Not sure, but I think Aprecia Pharmaceuticals’ August 3, 2015, press release announcing FDA approval of its anti-seizure SPRITAM levetiracetam almost broke the Internet. Why? Unless you were trekking in the Himalayas the entire month of August, you likely know why. SPRITAM uses Aprecia’s proprietary ZipDose platform, a technology based on three-dimensional printing (a/k/a additive manufacturing) to print its formulation into a porous matrix that quickly dissolves with a sip of liquid. While the additive manufacturing (AM) technique has previously been approved to manufacture medical devices, says Aprecia, it’s the first time the FDA’s approved 3D printing to manufacture an orally ingested solid dose formulation. Who out there is not excited about this development?

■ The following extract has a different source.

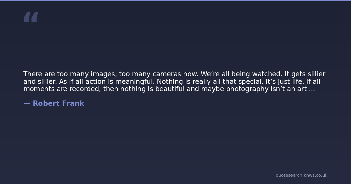 There are too many images, too many cameras now. We’re all being watched. It gets sillier and sillier. As if all action is meaningful. Nothing is really all that special. It’s just life. If all moments are recorded, then nothing is beautiful and maybe photography isn’t an art anymore. Maybe it never was

Don Wetherhold, Aprecia’s CEO, explained that “By combining 3D printing technology with a highly prescribed epilepsy treatment,” SPRITAM is designed to fill a need for patients who struggle with their current medication experience.” According to Aprecia, SPRITAM is first in a line of central nervous system products it plans to introduce as part of a strategic initiative to transform “the way patients experience taking medication.”

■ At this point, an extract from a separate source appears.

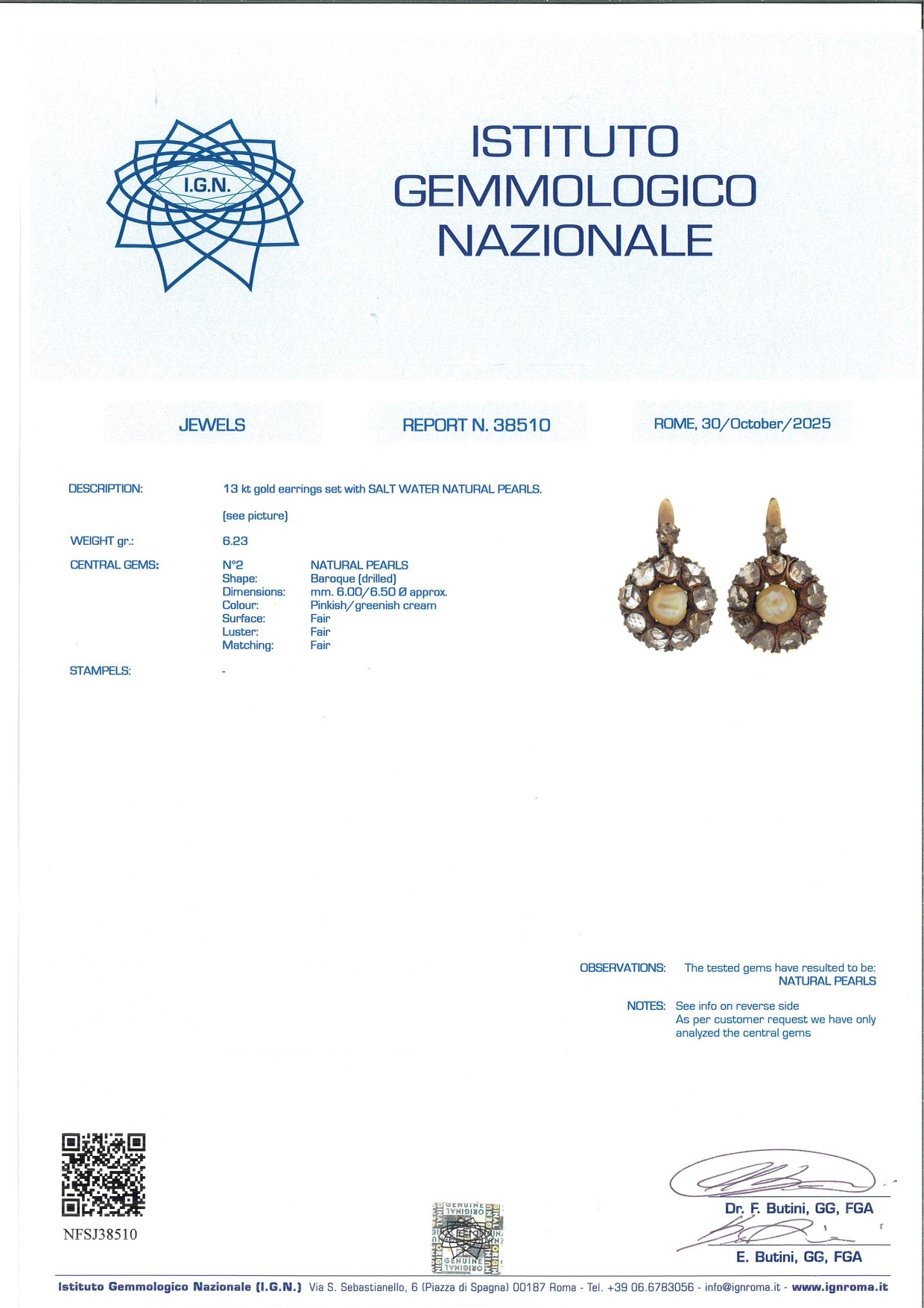 Oro giallo 13 kt. Perle naturali spontanee mm. 6/6,5. Peso complessivo gr. 6,20. Corredate di certificazione gemmologica IGN n° 38510 del 30/10/2025.

The font of all human knowledge, Wikipedia, revealed that in 1981 Hideo Kodama of Nagoya Municipal Industrial Research Institute invented the first two AM fabricating methods. Thirty-plus years later we’re seeing what may prove to be the first truly commercial, 3D-printed consumer product.
Regardless, the news of Aprecia’s breakthrough spread across the Net like wildfire, with story after story touting the milestone and reviewing the potential and ability of this technology to supersede the invention of sliced bread while eliminating drug factories and pharmacies because everyone will soon be printing their own drugs at home! OK, that’s a bit of an exaggeration, but the bottom line is the technology has a high degree of potential to support patient-specific formulation and tailored release characteristics. First off, Aprecia’s ZipDose methodology enables the delivery of a high drug load, up to 1,000 mg in a single dose, with just a sip of liquid.
Engineering OSD release characteristics via 3D printing techniques have been attracting researchers interest and investor dollars in equal measure because the technique offers such a compelling a solution for manipulating release performance. For example, Professor Ricky Wildman of the EPSRC Center for Innovative Manufacturing, University of Nottingham, is recognized as one of the emerging authorities on the physics and engineering associated with biomedical-related 3D printing. Presenting at Medtec UK last March, Wildman noted 3D printing has a real role to play in personalized medicine. Noting that current forms of treatment require a systemic flooding of the system (ingesting of a tablet), printed drug delivery systems present the opportunity to tailor formulation, developing a release strategy at the design stage and enlisting geometry and material functionality to achieve specific release characteristics. Wildman asked the audience to imagine being assessed and then having the treatment manufactured specifically to treat their disease.
Of course, getting there is not without its challenges. Wildman maintains diagnostic capability needs to be matched to manufacturing. He notes that to design such specific platforms, drug makers will need a thorough understanding of its formulation’s material and structural characteristics including degradation and dissolution mechanics. Fortunately, advanced PAT technology has that covered. Freeman Technology’s FT4 Powder Rheometer delivers data that support process and product understanding and the optimization of powder processes. The system, says Freeman is currently being used to assess exactly how AM powders pack and flow to ensure process efficiency and consistent product quality.
Wildman says the current understanding of how drug developers can fine tune the “functionalization” of given molecules is relatively limited — one can’t “dial up” the needed molecule or material for an intended, specific purpose. Sure, we’re a ways away from when “bespoke” AM-printed drugs are commonplace, but thanks to Aprecia, and PAT vendors like Freeman, we’re all that much closer to this reality.